All lines from the one holding "Кухонна мийка Lidz" through the last line of the entries below must be transcribed exactly, and no others. Pictures do not go in.
### Study material ###
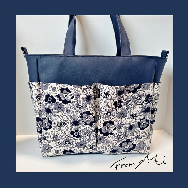 やわらかな合皮と北欧風のフラワー柄キャンバスを組み合わせた、上品で実用的なトートバッグです。 たっぷり入るA4サイズで、通勤やお出かけ、マザーズバッグとしても活躍します。 取り外し可能なショルダー紐付き! 内側のファスナーポケットは、貴重品や鍵など大切なものの収納に最適です。 底板、底鋲付きで自立しやすく、傷や汚れから守ります。 すべて丁寧に手作業で仕上げており、丈夫さとデザイン性を両立しています。 • PCや書類をたくさん入れても、底板が入っているのでバッグの形が崩れずスマートにお持ちいただけます。 • 満員電車などで座れない時も、底鋲がついているため、床に置いても生地が汚れたり傷つくのを防ぎます。 • 内側のファスナーポケットは、貴重品や鍵など大切なものの収納に最適です。 ・サイドのポケットには500mlのペットボトルや折りたたみ傘も入れられます。 サイズ ・縦約32cm×縦横35cm×マチ14cm (持ち手約58cm) ・ショルダー紐 約60cm~120cmまで調節可能 素材 • 本体:合成皮革(ネイビー) • ポケット部分:コットンキャンバス(花柄) • 裏地:コットン • 金具:シルバー(底鋲・ファスナー・Dカン) 特徴 ・A4対応&大容量 ・底鋲付きで安定感◎ ・すべて丁寧に手作業で仕上げておりますため、若干の個体差があります。ご了承ください。 ・汚れた場合は、柔らかい布で軽く拭き取ってください。 直射日光や高温多湿を避けて保管してください。
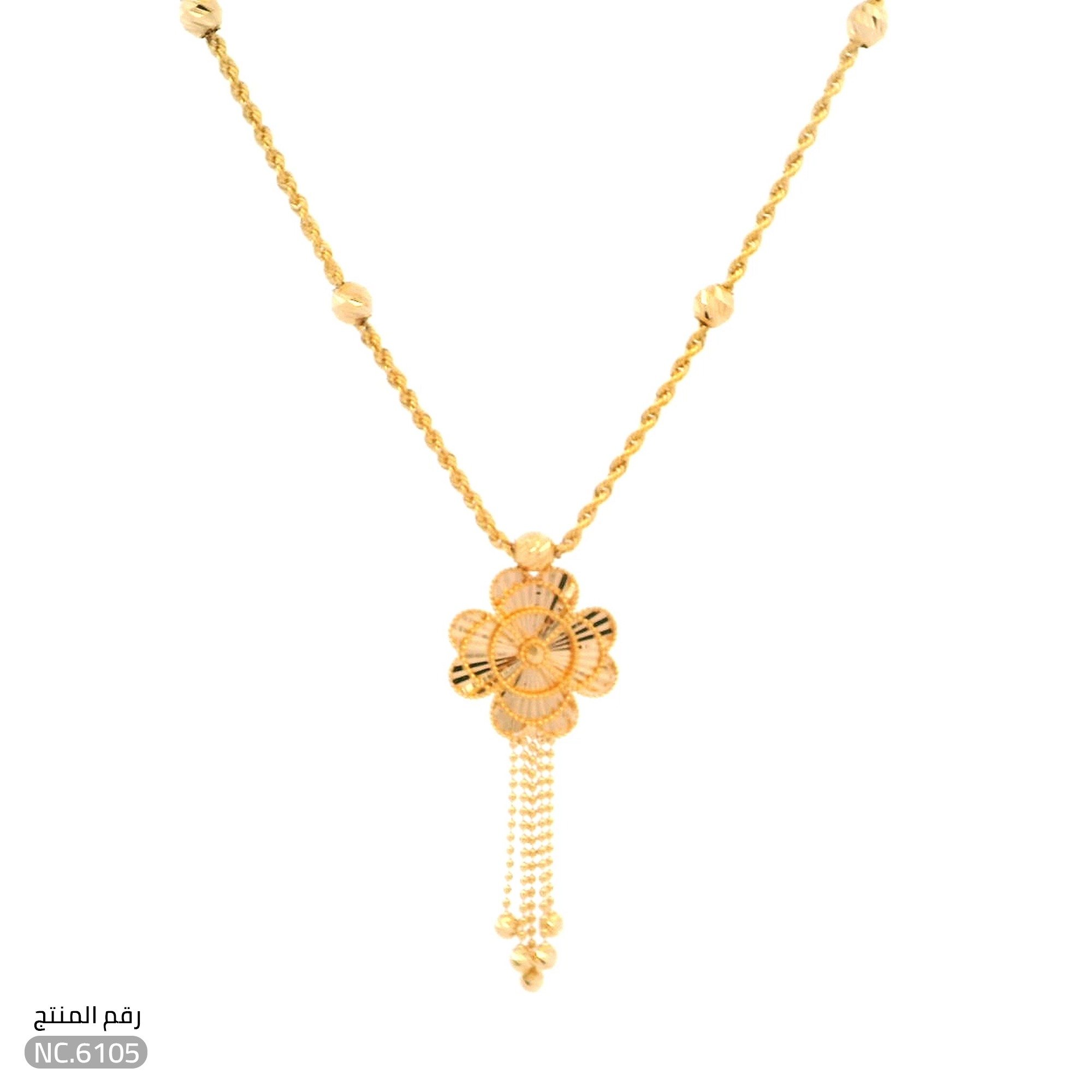 قلادة ذهب عيار 21 تصميم زهرة بخطوط سوداء فخمة(NC.6105)
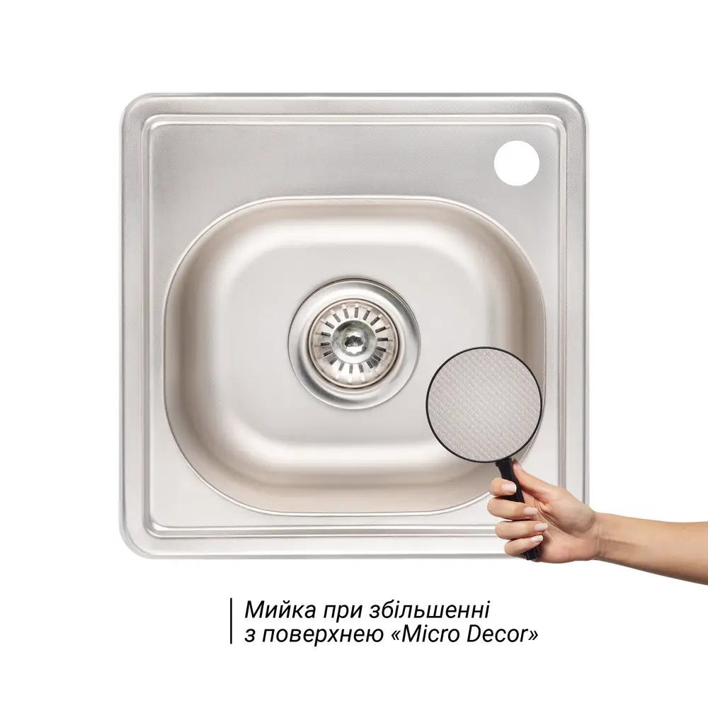 Кухонна мийка Lidz 3838 0,6 мм Micro Decor (LIDZ3838MDEC06) виготовлена з нержавіючої сталі харчової марки, тому виріб прослужить довгі роки. Також варто відзначити винятковий дизайн, який прикрасить будь-яку кухню. Відмінна якість та дизайн мийки задовольнять найвибагливі побажання й створять затишок у вашому домі! Мийка з отвором під змішувач, монтується урізним способом в отвір в стільниці. Поверхня - ребриста, не забруднюється.
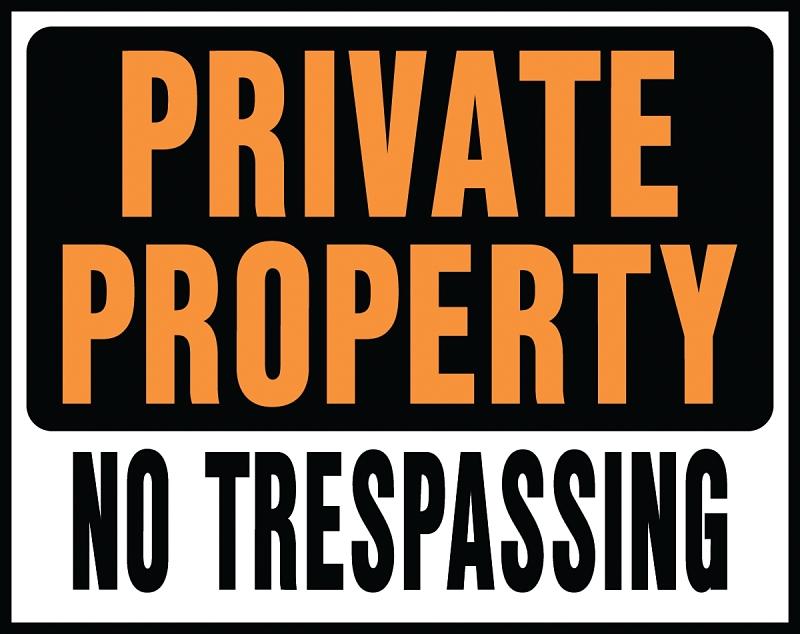 Top visibility, heavy-gauge, durable, weatherproof. Fluorescent letters on black background. Ideal for homeowners, apartments, industrial, shopping centers and offices. Sign states “PRIVATE PROPERTY NO TRESPASSING”.
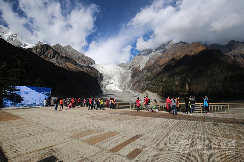 游客陶醉貢嘎山。
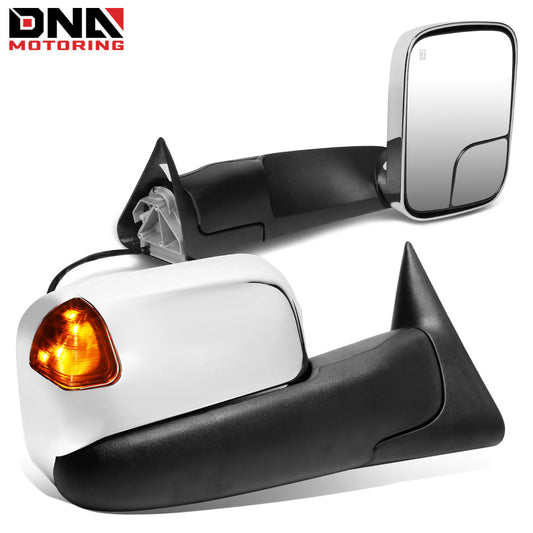 DNA MOTORING Pair Chrome Power Heated LED Turn Signal Side Towing Mirror Compatible with Dodge Ram BR/BE 98-02
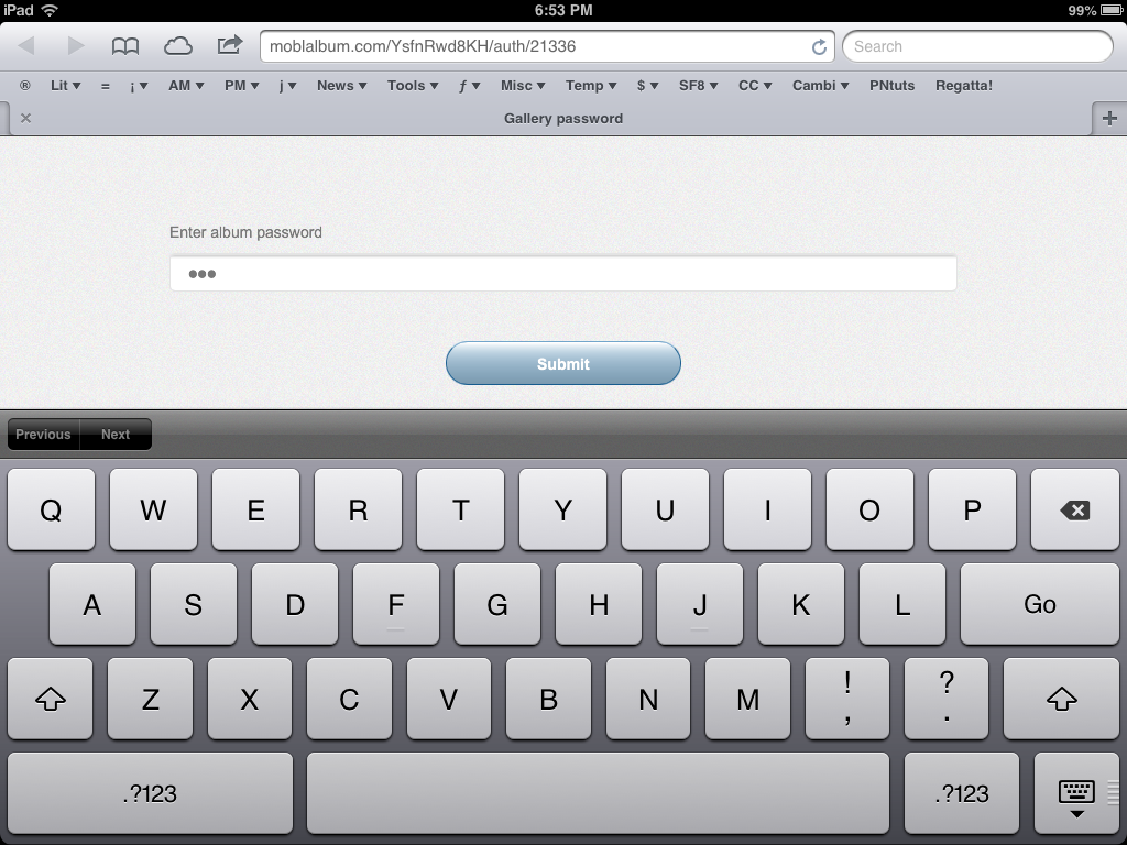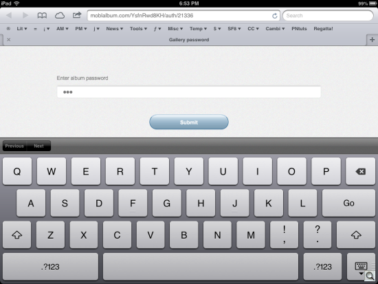 Viewing. We checked our album in our Web browser, since that's where we were. Then we took a look at it on an iPad. You can see our album here: http://moblalbum.com/YsfnRwd8KH/gallery/21336 with the password "honey." Try it on any device.
###
— Solved problem —
 Кухонна мийка Lidz 3838 0,6 мм Micro Decor (LIDZ3838MDEC06) виготовлена з нержавіючої сталі харчової марки, тому виріб прослужить довгі роки. Також варто відзначити винятковий дизайн, який прикрасить будь-яку кухню. Відмінна якість та дизайн мийки задовольнять найвибагливі побажання й створять затишок у вашому домі! Мийка з отвором під змішувач, монтується урізним способом в отвір в стільниці. Поверхня - ребриста, не забруднюється.
 Top visibility, heavy-gauge, durable, weatherproof. Fluorescent letters on black background. Ideal for homeowners, apartments, industrial, shopping centers and offices. Sign states “PRIVATE PROPERTY NO TRESPASSING”.
 游客陶醉貢嘎山。
 DNA MOTORING Pair Chrome Power Heated LED Turn Signal Side Towing Mirror Compatible with Dodge Ram BR/BE 98-02
 Viewing. We checked our album in our Web browser, since that's where we were. Then we took a look at it on an iPad. You can see our album here: http://moblalbum.com/YsfnRwd8KH/gallery/21336 with the password "honey." Try it on any device.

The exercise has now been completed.